I have two Apple extreme Airports (2013 model) wired to a fiber connection (1gbps). I've created a roaming network wirelessly on the 5ghz band and its freaking awesome! Very abnormal high speeds and superb coverage in my house!


Verzonden vanaf mijn iPhone met Tapatalk


----------



## Skytrooper

Replaced my 10+ year old router a few weeks ago with a Netgear 4500\N900 router a few weeks ago. A great improvement. Had trouble with some sites not loading. All good now. Speed went up big time.


----------



## 527

Squirrel! said:


> TP-Link Archer C7 router, replacing a Linksys:
> 
> http://smile.amazon.com/gp/product/B00BUSDVBQ?keywords=archer c7&qid=1453616783&ref_=sr_1_1&sr=8-1
> 
> and TP-Link Docsis 3.0 modem replacing a Motorola:
> 
> http://smile.amazon.com/gp/product/B010Q29YF8?psc=1&redirect=true&ref_=oh_aui_detailpage_o02_s00
> 
> I will never have a Linksys again...Motorola is questionable.
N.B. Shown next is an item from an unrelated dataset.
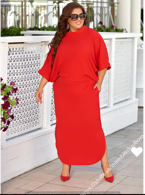❤️ https://shafa.ua/member/luubova ❤️ 💜В наявності💜 Код: ВЛ 7635пю Ціна:850грн спідничний Костюм батальних розмірів, з довгою спідницею Розміри-50-52,54-56,58-60 Тканина-американський креп Кольори - жовтий, червоний, чорний, Хакі Вільна кофта з рукавом до ліктя, маленька стійка на комірі, спідниця на широкій резинці, з боків розрізи. Параметри моделі ОГ106, ОТ90, ОБ114, ріст 165см, на ній представлений розмір 50-52.

I have a TP Link Archer C7, and it was absolutely AWFUL until I added DD-WRT. It is still not great, but at least it handles a restart of my Windows 10 PC without 15 minutes of time to get its awful built-in DHCP to find my network again. It's connected to a top of the line Motorola cable modem, which is not the problem as when hard-wired to my PC via a cat 7 cable (basically skipped the router), actually gave me almost double the speeds up *and* down as we're paying for from TWC. I am definitely looking for something else going forward.


----------



## Squirrel!

527 said:


> I have a TP Link Archer C7, and it was absolutely AWFUL until I added DD-WRT. It is still not great, but at least it handles a restart of my Windows 10 PC without 15 minutes of time to get its awful built-in DHCP to find my network again. It's connected to a top of the line Motorola cable modem, which is not the problem as when hard-wired to my PC via a cat 7 cable (basically skipped the router), actually gave me almost double the speeds up *and* down as we're paying for from TWC. I am definitely looking for something else going forward.


Crazy. As with anything else, I guess YMMV applies here. Out of the box, no issues for us. I pay for 30 down from TWC 
and wirelessly in my office I average about 37 down. 

Not quite sure what you mean about your PC being restarted and what it has to do has to do with the router? Are you saying the PC has difficulty finding the router?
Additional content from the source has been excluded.